Updated

The U.S. job market sprung back last month from a hurricane-induced slowdown as nonfarm employers added 215,000 workers, according to a government report on Friday that showed the economy on solid ground.

In its monthly employment report, the Labor Department also said the unemployment rate held steady in November at 5 percent.

"This fits with an economy which is just humming along here at close to potential," said Kathleen Stephansen, director of global economics at Credit Suisse First Boston in New York.

The report nearly matched expectations in financial markets, which showed little reaction. Wall Street economists had expected payrolls to expand by 210,000 workers in November, with no change in the jobless rate.
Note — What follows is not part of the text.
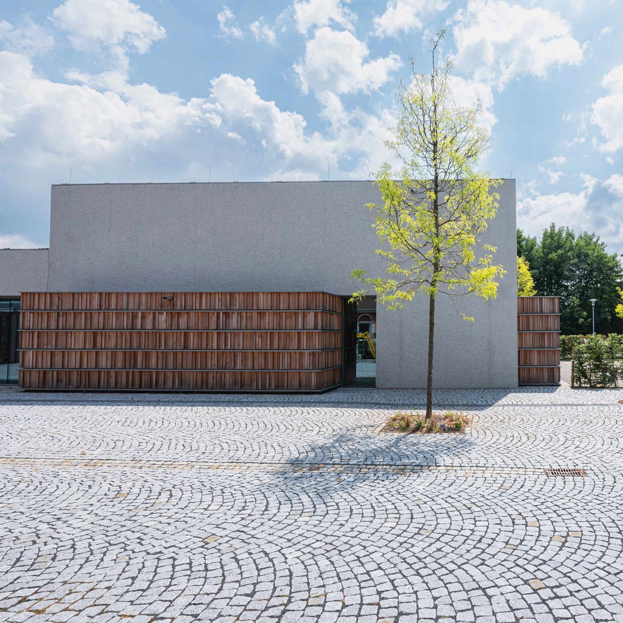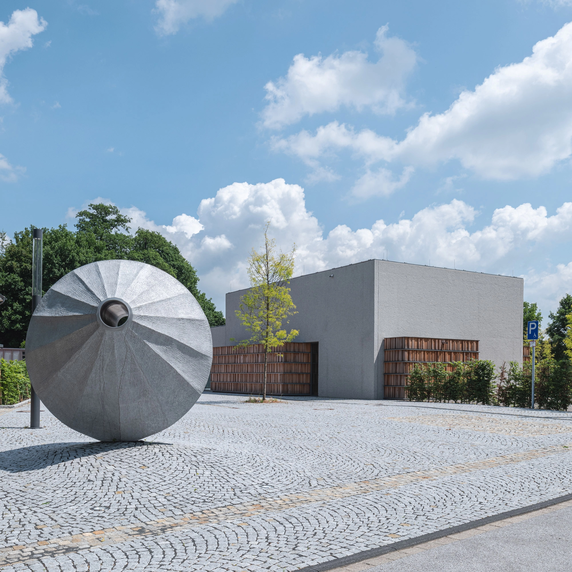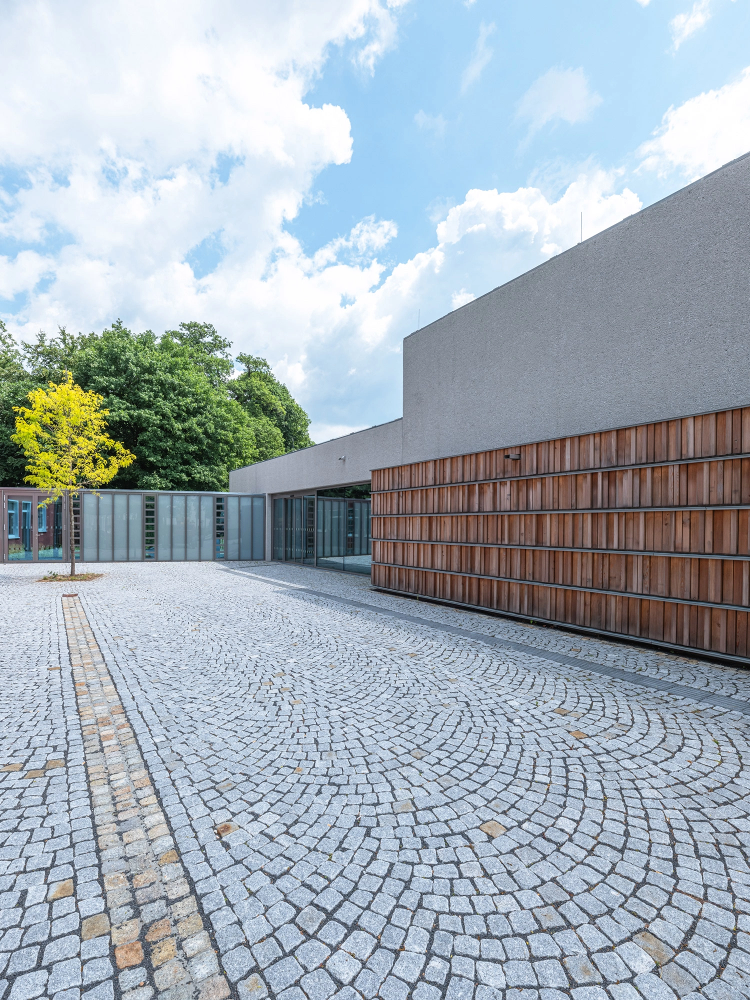 Der Vorplatz aus Natursteinpflaster bildet einen ansprechenden Auftakt des Zentrums und dient der Haupterschließung der Bibliothek. Das Gebäude wird dadurch präsenter im öffentlichen Raum positioniert und öffnet sich zugleich einladend zur Straße hin. Eine Skulptur der Künstlerin Prof. Leunora Salihu setzt auf dem freien Vorplatz einen markanten gestalterischen Akzent. Räumlich gefasst wird der Platz durch die Bibliothek, das Gästehaus und einen geschlossenen Verbindungsgang.

Economists said the picture the report offered of the economy was consistent with expectations the Federal Reserve would bump interest rates up further at upcoming meetings later this month and in January.

"It leaves the Fed right on course," said Steven Wieting, senior economist at Citigroup in New York. "There's really nothing here to dissuade them from bringing rates up to at least neutral levels" that neither spur nor inhibit growth.

The Fed has raised benchmark overnight rates 12 times over the past 17 months, bringing them to 4 percent from a basement level 1 percent.

The jobs report was the latest in a string of data that economists said underscored the resilience of the economy.

"Despite the disruptions of Hurricanes Katrina, Rita, and Wilma, economic activity appears to be expanding at a reasonably good pace as we head into 2006," Fed Chairman Alan Greenspan said in taped remarks to a conference in Philadelphia.

While the November employment gains were robust and widespread across industries, the report showed the job market has yet to fully recoup the ground lost since a series of hurricanes battered the U.S. Gulf Coast in late summer.

The department revised up its measure of employment for hurricane-ravaged September, saying payrolls expanded by 17,000 workers. Previously, it had reported they had shrunk 8,000.

However, job growth in October was a bit weaker than first thought as employers brought on only 44,000 new workers, not the 56,000 the department had reported a month ago.

Over the past three months, job growth has averaged just 92,000 a month, well below the 196,000 average for the first eight months of the year.

"The employment total is more or less fine but other indications were on the soft side," said Pierre Ellis, senior economist at Decision Economics in New York.

One weak spot was a decline in the length of the average workweek, which dipped to 33.7 hours from 33.8 hours in October.

Average hourly earnings rose 3 cents to $16.32 in November, building on an upwardly revised 10-cent gain in October.

While the latest data suggested October's pay spike was an aberration, the year-on-year earnings increase moved up to 3.2 percent, the biggest 12-month rise since March 2003.

Manufacturers added 11,000 workers in November after adding 15,000 in October to mark the first back-to-back gains in factory employment in more than a year.

Construction firms added 37,000 new workers last month after adding 35,000 in October.

"Some of the recent job gains in construction reflect rebuilding and clean-up efforts following hurricanes Katrina, Rita, and Wilma," Bureau of Labor Statistics Commissioner Kathleen Utgoff said in a statement.